**EXERCISE DIRECTIONS**
Could you copy out every line of the data where the word "الحريق" occurs?
════
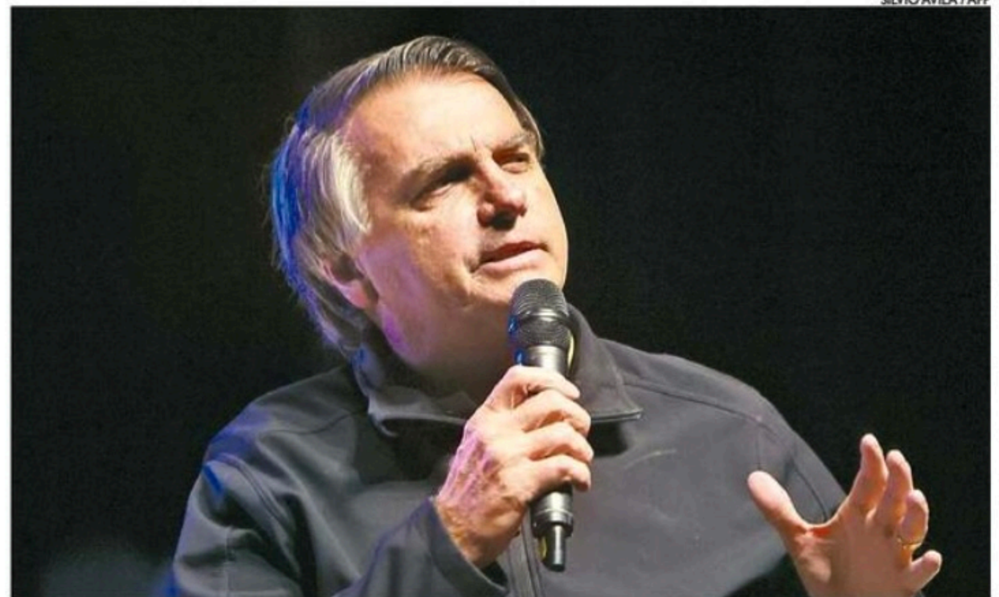
Ex-presidente disse ser "injusto" alegar que ele atacou a democracia ao reunir embaixadores em Brasília

■ Tribunal Superior Eleitoral retoma julgamento que poderá tornar o ex-gestor inelegível pelos próximos oito anos. Sessão começa com voto do relator
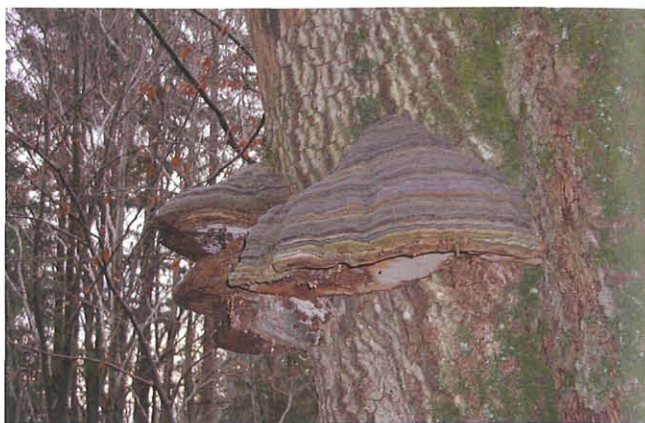
Abb. 11: Buchenschwamm.
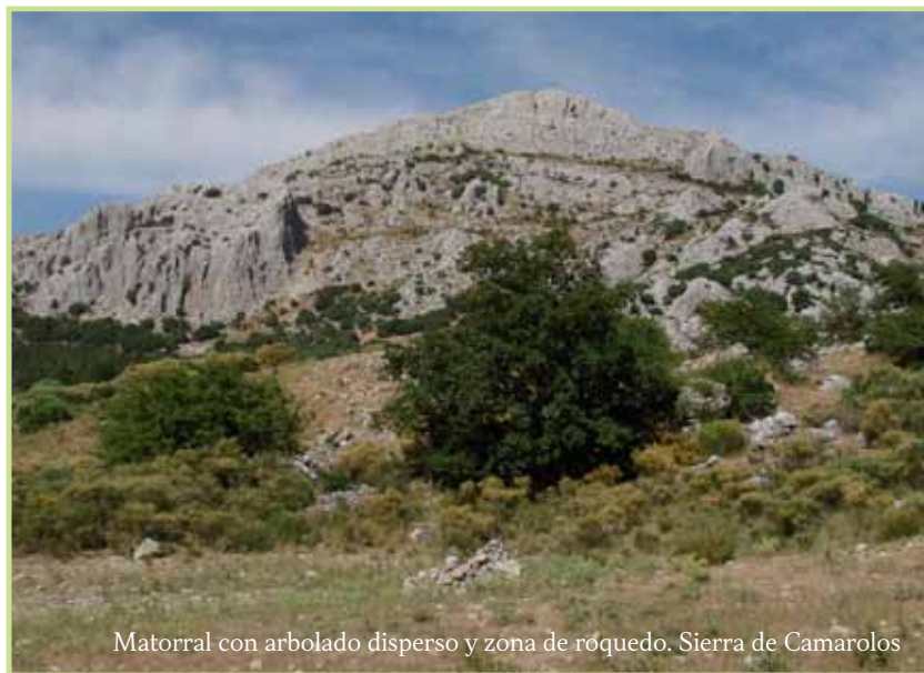
Matorral con arbolado disperso y zona de roquedo. Sierra de Camarolos

Otras especies necesitan más luz solar y aprovechan los bordes de los caminos de las zonas forestales y los bordes de los bosques. En los alcornoques pueden observarse por ejemplo Epipactis tremolsii , Limodorum abortivum y Orchis langei . Los pinares costeros son el hábitat de Gennaria diphylla , especie litoral amenazada. Los encinares también acogen a multitud de especies, como Limodorum trabutianum y Spiranthes spiralis . En los castañares destacan Dactylorhiza insularis y Orchis langei .
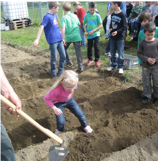
Schulgarten Gabersdorf/Bürgerbeteiligung fängt bereits in jungen Jahren an

Ein weiterer Schwerpunkt wurde in der Kooperation von Schulen und landwirtschaftlichen bzw. gewerblichen Betrieben im Ort durch Feldversuche gesetzt. 2012 hat man mit dem Jahresprojekt „Kürbis – vom Anbau bis zur Ernte“ einen Aktionsrahmen mit den Schulen gestartet.
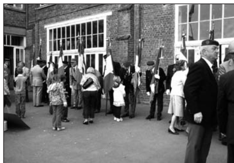
Cérémonie du 7 mai, pour le 55ème anniversaire de la fin de la bataille de Dien Bien Phu et l'hommage rendu au soldat « mort pour la France » en Indochine.
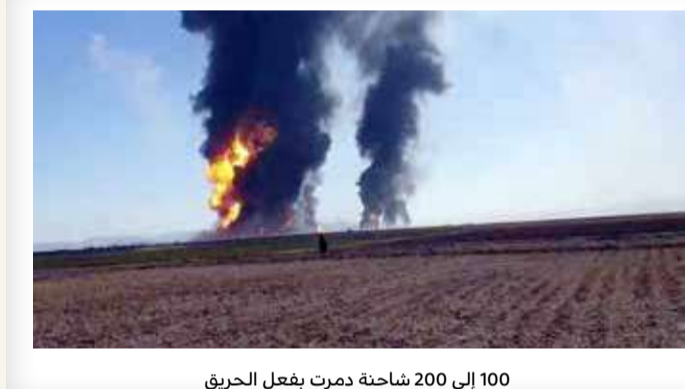
100 إلى 200 شاحنة دمرت بفعل الحريق

«إسلام قلعة - أ ف ب: أتى حريق على ما لا يقل عن مئة صهريج نفط وغاز في أفغانستان، في "كارثة" وقعت عند أحد أهم المعابر الحدودية مع إيران وخلفت أضراراً بملايين الدولارات، وفق ما أفاد مسؤولون الأحد. وتم إخماد الحريق الضخم الذي اندلع بعد ظهر السبت في معبر إسلام قلعة الواقع على بعد 120 كلم من مدينة هرات (غرب)، بالكامل تقريباً بينما فتح تحقيق بشأن أسبابه. وقال الناطق باسم حاكم ولاية هرات جيلاني فرهاد
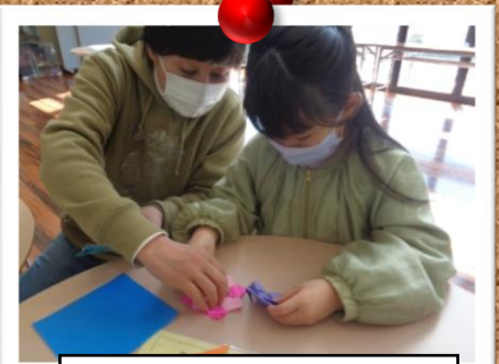
ほっとみるくの会 くるくる回るコマ作り
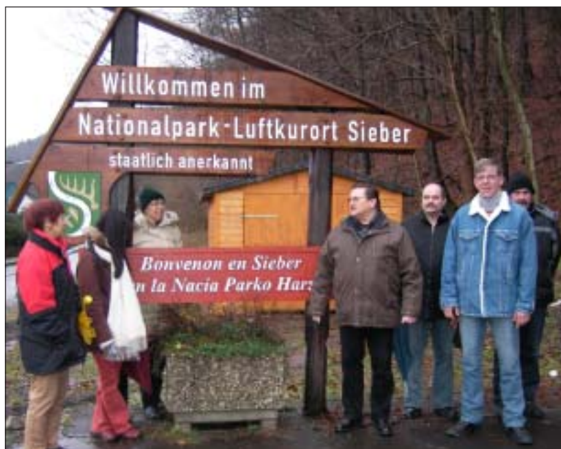
'Bonvenon en Sieber en la Nacia Parko Harz' nun legeblas en Esperanto dank' al la agado de lokaj esperantistoj en Germanio.

The February/March issue of The Linguist (Vol.1, No.1, 2009; www.iol.org.uk ) published an excellent feature entitled A way
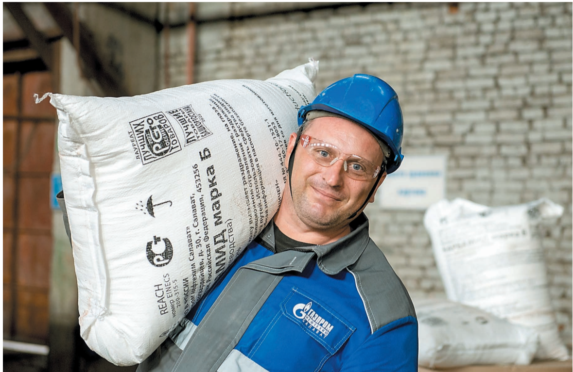
Карбамид производится на газохимическом заводе

В связи с переработкой нефти появились попутные и побочные продукты от переработки нефти – газы. Они нерационально сжигались на факелах, загрязняя атмосферу. Возникла необходимость их утилизации и применения в народном хозяйстве. В конце 50-х принимается решение о строительстве на комбинате установок конверсии и газоразделения ЭП-40 и цехов
════
**EXPECTED ANSWER**
100 إلى 200 شاحنة دمرت بفعل الحريق
«إسلام قلعة - أ ف ب: أتى حريق على ما لا يقل عن مئة صهريج نفط وغاز في أفغانستان، في "كارثة" وقعت عند أحد أهم المعابر الحدودية مع إيران وخلفت أضراراً بملايين الدولارات، وفق ما أفاد مسؤولون الأحد. وتم إخماد الحريق الضخم الذي اندلع بعد ظهر السبت في معبر إسلام قلعة الواقع على بعد 120 كلم من مدينة هرات (غرب)، بالكامل تقريباً بينما فتح تحقيق بشأن أسبابه. وقال الناطق باسم حاكم ولاية هرات جيلاني فرهاد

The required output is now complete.